Get count on two different date columns and group by date

问题

I have table containing two DATE columns. TS_customer and TS_verified

I am searching for a way to get a result where in the first column I have dates where either someone created a user (TS_customer) or someone got verified (TS_verified).

In the second column I want count(TS_customer) grouped by the first column. The third column I want count(TS_verified) grouped by the first column.

It might be 0 customers verified on a sign up date, and in another case 0 signups on a date someone got verified.

I guess it should be an easy one, but I've spent so many hours on it now. Would really appreciate some help. I need this for a graph in excel, so i basicly want how many customers signed up and how many got verified one day without having the hassle to have two selects and combinding them manually.

EDIT: link to SQLfiddle http://sqlfiddle.com/#!2/b14fc/1/0

Thanks

回答1:

First, we need the list of days.

That looks like this http://sqlfiddle.com/#!2/b14fc/14/0:

   SELECT DISTINCT days
     FROM (
       SELECT DISTINCT DATE(TS_customer) days
         FROM customer
        UNION 
       SELECT DISTINCT DATE(TS_verified) days
         FROM customer

     ) AS alldays
 WHERE days IS NOT NULL
 ORDER BY days

Next we need a summary of customer counts by day.
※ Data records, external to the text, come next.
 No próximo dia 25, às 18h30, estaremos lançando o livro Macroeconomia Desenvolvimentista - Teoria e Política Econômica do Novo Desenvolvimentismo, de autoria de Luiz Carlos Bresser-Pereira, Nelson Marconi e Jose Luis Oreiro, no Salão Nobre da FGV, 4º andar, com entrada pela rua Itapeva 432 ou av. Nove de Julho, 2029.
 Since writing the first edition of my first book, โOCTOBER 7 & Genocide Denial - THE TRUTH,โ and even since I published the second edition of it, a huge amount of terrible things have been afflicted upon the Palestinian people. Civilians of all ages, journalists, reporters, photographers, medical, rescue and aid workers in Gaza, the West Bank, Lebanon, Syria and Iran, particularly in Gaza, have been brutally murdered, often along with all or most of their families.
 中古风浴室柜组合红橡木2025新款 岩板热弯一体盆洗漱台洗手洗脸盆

That's pretty easy http://sqlfiddle.com/#!2/b14fc/16/0:

SELECT DATE(TS_customer) days, COUNT(TS_customer)
  FROM customer
 GROUP BY days

The summary of verifications by day is similarly easy.
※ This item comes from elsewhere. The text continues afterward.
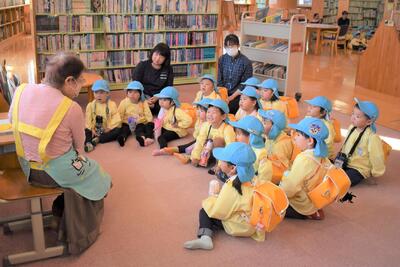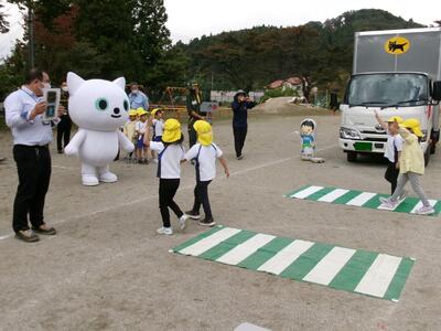 そして、簡易横断歩道を使って、横断歩道のわたり方を学びました。「右見て、左見て、また右見て」をキャラクターのシロネコちゃんが見守る中、全員で体験しました。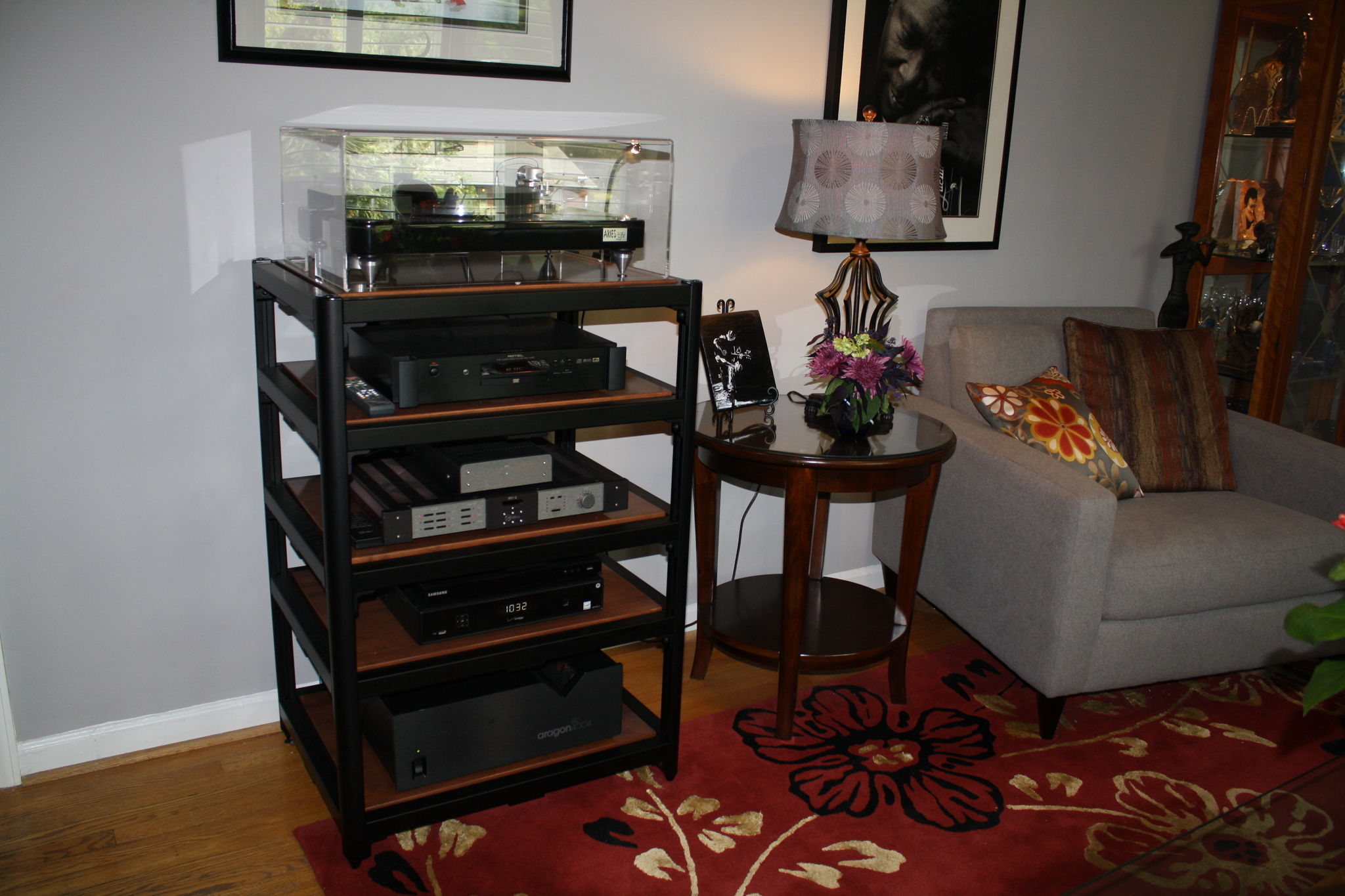 A bit old school, but no apologies. Everything has provided me much joy and most is recently rebuilt. All new tweeters and foam for the Mirage drivers, rebuilt KRC-2 with new caps, re-worked KPE, and cleaned up Aragon; all bought new. Recently added VPI as replacement for my original Well Tempered Turntable from 1990. The vinyl is rockin!

Next we need to join these three subqueries together http://sqlfiddle.com/#!2/b14fc/29/0.

SELECT alldays.days, custcount, verifycount
  FROM (
           SELECT DISTINCT DATE(TS_customer) days
             FROM customer
            UNION 
           SELECT DISTINCT DATE(TS_verified) days
             FROM customer
       ) AS alldays
   LEFT JOIN (
      SELECT DATE(TS_customer) days, COUNT(TS_customer) custcount
        FROM customer
       GROUP BY days
      ) AS cust ON alldays.days = cust.days
   LEFT JOIN (
      SELECT DATE(TS_verified) days, COUNT(TS_verified) verifycount
        FROM customer
       GROUP BY days
      ) AS verif ON alldays.days = verif.days
  WHERE alldays.days IS NOT NULL
  ORDER BY alldays.days

Finally, if you want 0 displayed rather than (null) for days when there weren't any customers and/or verifications, change the SELECT line to this http://sqlfiddle.com/#!2/b14fc/30/0.

SELECT alldays.days, 
       IFNULL(custcount,0) AS custcount, 
       IFNULL(verifycount,0) AS verifycount

See how that goes? We build up your result set step by step.

回答2:

I'm a bit confused on why you created a fiddle that can not hold null values on the TS_Customer and then mention that the field can hold null values.
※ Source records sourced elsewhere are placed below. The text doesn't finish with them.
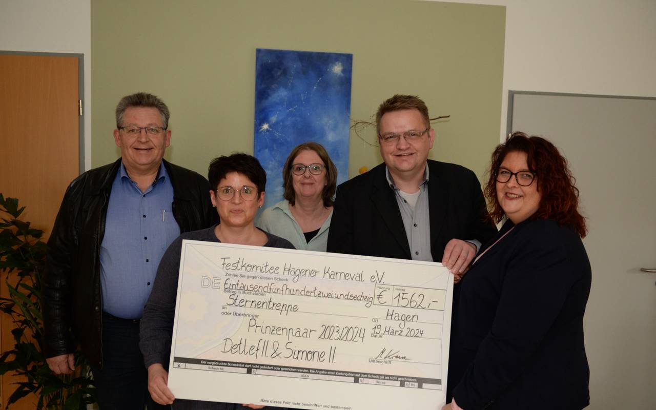 Das Hagener Prinzenpaar unterstützt die Sternentreppe. Simone und Detlef haben gestern einen Scheck über 1562 Euro an den Kinder- und Jugendhospizdienst überreicht.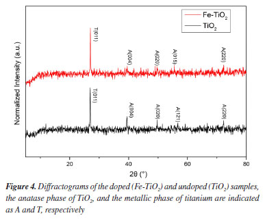 The crystallinity of the samples and the phase composition can be evidenced in the X-ray diffractograms showed in Figure 4. In both samples, the peaks of the metallic phase of titanium (011) and the anatase phase (004, 020, and 220) were identified at angles of 25.30°, 37.79°, 48.36°, and 70.23°, respectively. Furthermore, in the Fe-TiO2 sample, a peak (015) was identified at 53.89°, and in the undoped sample, a peak (121) was verified at 55.06°, both peaks corresponding to the anatase phase of TiO2. Although rutile is considered the most stable phase for extended systems, at the nanoscale the anatase phase has greater stability and favors charge transport, benefiting photocatalytic processes.21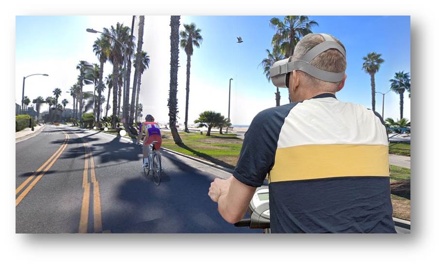 VR運(yùn)動(dòng)訓(xùn)練系統(tǒng)利用虛擬現(xiàn)實(shí)技術(shù)創(chuàng)造出智能化的三維運(yùn)動(dòng)環(huán)境,并且可鏈接多種運(yùn)動(dòng)器械包括動(dòng)感單車、跑步機(jī)、劃船機(jī)、滑雪機(jī)等,提供安全的擬真運(yùn)動(dòng)情景,融入積極交互活動(dòng),有效帶動(dòng)用戶的積極性,從而促進(jìn)身心健康。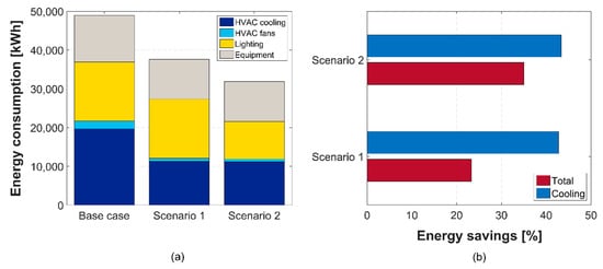 In this section, we simulated two scenarios consisting of two groups of strategies. Scenario 1 consists of the application of solar shading, TrpLoE and active measures, while Scenario 2 consists of the application of daylighting, TrpLoE and active measures in the building model. Results from the simulations of these scenarios can be observed in Figure 12. In the Figure 12a, scenario 1 showed an annual energy consumption of 75,203 kWh (EUI = 69.22 kWh/m2-year) and scenario 2 of 63,713 kWh (EUI = 58.64 kWh/m2-year). Figure 12b showed the percentage savings in total energy consumption and in cooling in the modeling of the two scenarios. Scenario 1 reduced total energy consumption by 35% and scenario 2 by 23% compared to the base case. The impact of both scenarios on building cooling is about 43%.

Having said that, I've modified the solution to work with null values and still be pretty efficient and simple:

SELECT days, sum(custCount) custCount, sum(verifCount) verifCount FROM (
  SELECT DATE(TS_customer) days, count(*) custCount, 0 verifCount
  FROM customer
  WHERE TS_customer IS NOT NULL
  GROUP BY days
  UNION ALL
  SELECT DATE(TS_verified) days, 0, count(*)
  FROM customer
  WHERE TS_verified IS NOT NULL
  GROUP BY days
) s
GROUP BY days

I've also created a different fiddle containing some null values here.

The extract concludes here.